Но Джек уснул под нею, под ее бедрами и губами. Немного спустя Талли тоже заснула, заснула прямо на нем. Почувствовав ее сонную тяжесть, проснулся Джек. Они снова занялись любовью, а после побежали под душ, а потом вернулись в постель, шепча друг другу ласковые глупости в полном изнеможении.

– Мне пора домой, – сказала Талли. – Надо же все-таки соблюдать приличия.

– Кому какое дело? – грубо возразил Джек. – Его самого никогда не бывает дома.

«Это правда, – думала Талли. – Но он работает или играет в регби. Это совсем не одно и то же».

– И все же… – нерешительно возразила она.

– И все же ничего. Ты не можешь уйти. Ты обещала, что все расскажешь.

Талли пихнула его локтем под ребро.

– Вовсе нет. Я спросила, что ты хочешь узнать.

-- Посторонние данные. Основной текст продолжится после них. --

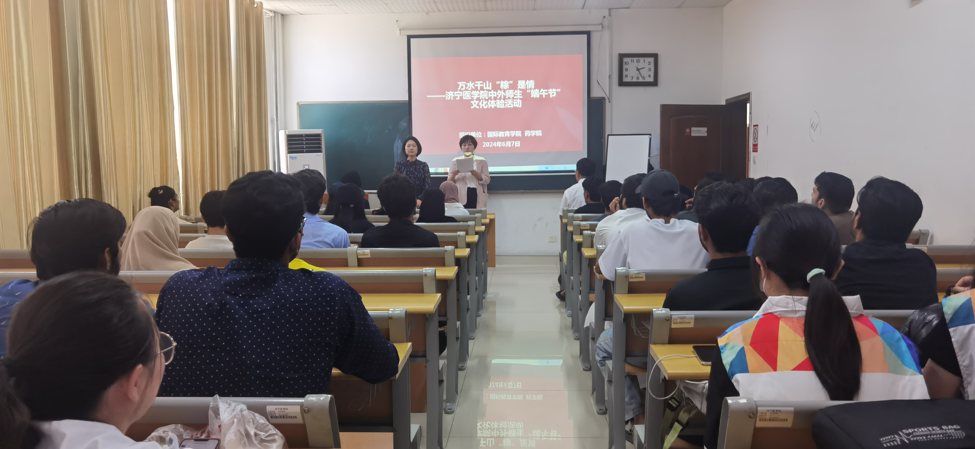 为增强来华留学生对中国传统节日文化的体验,促进中国文化传播和跨文化交流融合,丰富济宁医学院日照校区留学生的课余生活,6月7日下午,国际教育学院联合药学院举办中外师生端午文化体验活动。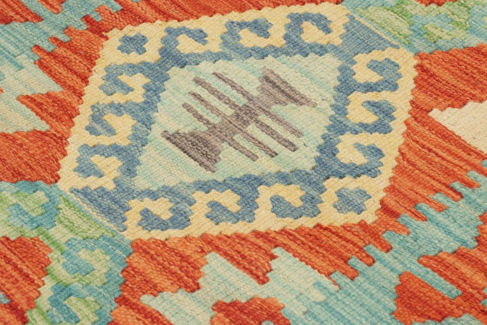 Die Farbpalette des Kelim Teppichs ist vielfältig, aber neigt meistens zu Erdtönen, die sich leicht in unterschiedliche Einrichtungsstile integrieren lassen. Das rustikale Design macht ihn zu einem perfekten Begleiter für moderne als auch klassische Interieurs, da er eine warme, einladende Atmosphäre schafft.
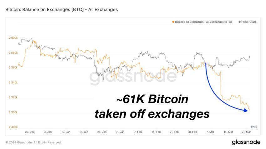 Ilość Bitcoinów i Ethereum opuszczających giełdy znacznie wzrosła w ciągu ostatnich kilku dni, zgodnie z danymi z glassnode i IntoTheBlock. W ciągu ostatnich dwóch tygodni wyprowadzono około 61 000 BTC i 151 000 ETH. Jest to wartość około 2,6 miliarda dolarów w BTC i 492 milionów dolarów w ETH.

– Я не знаю, – ответил Джек улыбаясь. – А что у тебя есть?

– Тут тебе не ресторан, – заявила Талли. – Спрашивай, или я в два счета засну.

– Расскажи мне о своем отце, – попросил Джек.

– Ну, папа какое-то время жил с нами. Понимаешь, они оба были бедными и необразованными…

– Вроде меня? – встрял Джек.

Она улыбнулась.

– Ничего подобного. Оба целыми днями работали на фабрике, и у нас никогда ничего не было. Но все было хорошо, потому что он был настоящим, прекрасным человеком. Он всегда целовал меня, желая спокойной ночи. Только, думаю, он никогда не знал, что со мной делать. Он едва умел читать и поэтому не мог учить меня. По– моему, он был единственным ребенком в семье и не знал, как со мной играть. Я думаю, для них обоих было большим облегчением, когда я пошла в школу. Когда мне исполнилось пять, они облегченно вздохнули, что я больше не буду околачиваться во дворе, пока их нет дома, и я пошла в школу. В это время родился мой брат. Они не сказали мне, что ждут ребенка. Просто принесли его и сказали: «Вот твой маленький брат».

Они назвали его Хэнком, уменьшительное от Генри. Он был прелесть. Такая умница. Совсем малыш, а уже личность. После школы я, Джен, и Джулия приходили играть с ним.

Мой отец, сам понимаешь, души в нем не чаял. Он, правда, и с ним не знал, что делать, не умел ни кормить, ни купать, ни играть. Но когда он смотрел на сына, у него даже менялось выражение, лица – сразу было видно, как сильно он его любит.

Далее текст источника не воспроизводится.